- Education: University of KwaZulu-Natal
- Scientific career
- Workplaces: Stellenbosch University University of Minnesota, Minneapolis

= Nokwanda Makunga =

Professor of Biotechnology

Nokwanda Pearl (Nox) Makunga is a Professor of Biotechnology at Stellenbosch University.

== Early life and education ==
Makunga grew up in Alice in the Eastern Cape, and attended a private boarding school in Grahamstown. Her father, Oswald, was a botanist who specialised in the Iridaceae. He grew up in rural poverty and won a scholarship to study at University of Fort Hare. She attended university in Pietermaritzburg. She completed her PhD at the University of KwaZulu-Natal in 2004, working on the molecular biology of plants.

== Research and career ==
In 2005 Makunga was offered a position at Stellenbosch University. Her work looks to identify the molecular and genetic regulation of the secondary metabolism in medicinal plants. She often travels to rural areas to talk to traditional healers. She has a contributed to two books: Protocols for Somatic Embryogenesis in Woody plants and Floriculture, Ornamental and Plant Biotechnology: Advances and Topical Issues. In 2010 she delivered a TED talk on the Potential of a Medicinal Wonderland. She has acted as honorary secretary, Vice President and President of the South African Association of Botanists Council.
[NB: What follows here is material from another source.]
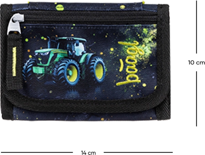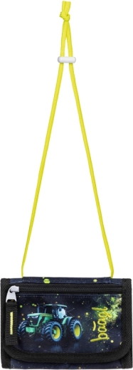 Praktische kinderportemonnee voor om de nek met Tractor-motief van BAAGL voor het veilig meenemen van kleine spullen. Biedt voldoende ruimte voor muntjes, een lunchchip of sleutels, heeft een verstelbaar koord met veiligheidsluiting, sluit met klittenband en is gemaakt van duurzaam gerecycled materiaal met GRS-certificering.
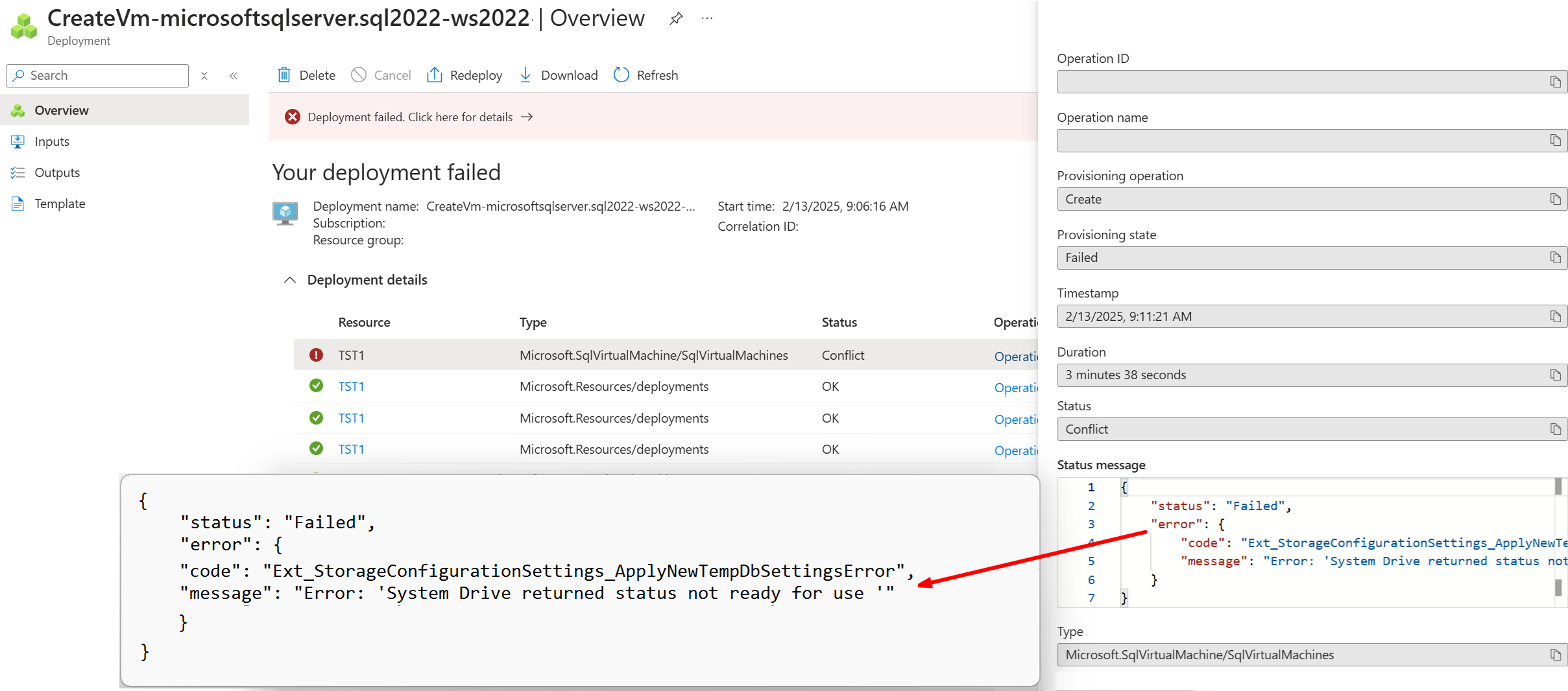 When you try to deploy a SQL Server on Azure VM image from Azure Marketplace, the deployment fails with a status of Conflict and the following error:

She won the 2011 National Science and Technology Forum Distinguished Young Black Researcher award. She also won the TW Kambule Award. In 2017 she was a Fulbright scholar at the University of Minnesota, Minneapolis. She worked with Jerry Cohen on medicinal plants from the Eastern Cape. She studied the Stevia plant. She holds a patent for vegetative plant propagation.

Together with Tanisha Williams and Beronda Montgomery, she leads the annual Black Botanists Week.